Condition 8 imposed by the Competition Authority of Kenya in its notice of merger determination dated 31st October, 2019 be reviewed and amended to limit the time period for provision of annual reports to two (2) years from the date of approval; and costs of this application be provided in any event.

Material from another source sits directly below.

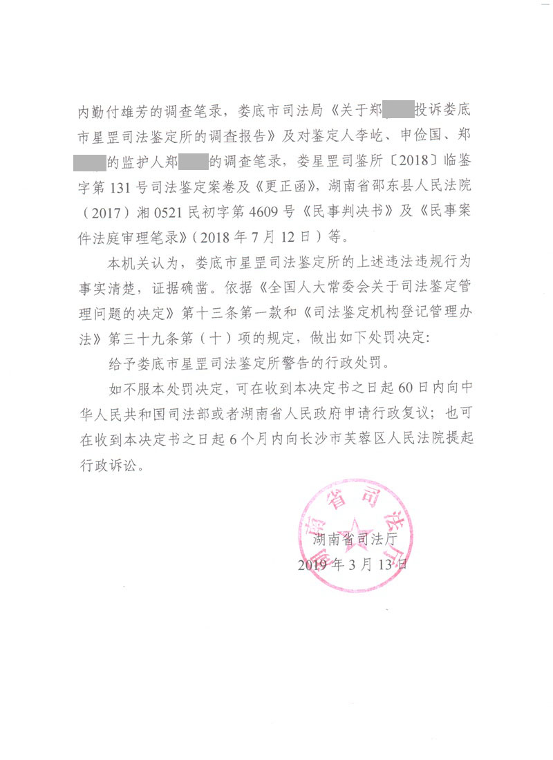 湖南省娄底市星罡司法鉴定所因指定了两名不具有相关专业高级专业技术职称的鉴定人实施重新鉴定受到警告的行政处罚

UPON Hearing Counsels for both Parties on 22nd April, 2020

IT IS HEREBY ORDERED, THAT:

1.     Condition 1 is hereby reviewed and varied to the effect that: the merged entity shall hold the following Operating and Frequency Spectrum Licences in accordance with the terms and conditions imposed by the Regulator (Communications Commission of Kenya) at the time of issuing the licence including the pre-emptive right of renewal;

Operating Licences

(i)  Network   Facility   Provider   –   Tier   1   –   Licence   No. TL/NFP/T1/00001

(ii)  Applications Service Provider – Licence No. TL/ASP/00001 (iii)  Content Service Provider – Licence No. TL/CSP/00001

(iv)  International  Systems  and  Service  Provider  –  Licence  No. TL/ULF/IGS/00001

(v)  Submarine Cable Landing – Licence No. TL/SCR/00003

Frequency Spectrum Licences

    (i)  800MHZ – Licence No. FL/0008

   (ii)  900MHZ – Licence No. FL/0009

   (iii)  1800MHZ – Licence No. FL/0009

   (iv)  2100MHZ – Licence No. FL/001/002

2.  Condition 2 is hereby reviewed and varied to the effect that the merged entities’ operating and spectrum licence, the spectrum in the and 1800MHZ acquired from Telkom shall be held by the merged entity in accordance with the terms and conditions imposed by the regulator (Communications Authority of Kenya) including the pre- emptive right of renewal;

3.  Condition 3  is  reviewed  and  varied  to  the  effect  that  the merged entity shall not sell the merged business/enterprise for a period of five (5) years but can enter into agreements (including sale agreements and sale of shares) in the ordinary course of business provided that where shares of the merged entity are sold, the same shall be limited to not more than forty per centum (40%), further, the merged entity shall not sell a substantial portion of its share to a market competitor holding more than forty per centum (40%) of the market share;

4.  Condition 5 and 6 on access of the 4,204 kilometres of the fibre managed by the 1st Appellant on behalf of the Government are hereby affirmed save to state the condition does not curtail the concept of freedom of contract between the merged entity and the Government of Kenya, therefore, the merged entity is at liberty to negotiate with the Government of Kenya on use of the fibre;

6.  Condition 7 is affirmed as follows; the merged entity shall ensure that at least three hundred and forty-nine (349) of the six hundred and seventy-four (674) employees of the target are retained as follows;—

(i)  120 employees by the merged entity for a period of two (2) years from the date of the implementation of the merger;

(ii)  114 employees by Telkom Kenya Limited for a period of two years from the date of the implementation of the merger; and

(iii)  115 employees to be absorbed by the network partners of the merged entity;

7.     Condition 8 is hereby reviewed and varied to the extent that the merged entity shall for the first two years of effecting the merger, annually furnish the Competition Authority of Kenya with a detailed report on the compliance of the conditions as varied, modified or affirmed.

8.     Each party to bear its own costs.

JOHN N. MWANGI,

MR/0747906                                                                                                         Secretary, Competition Tribunal.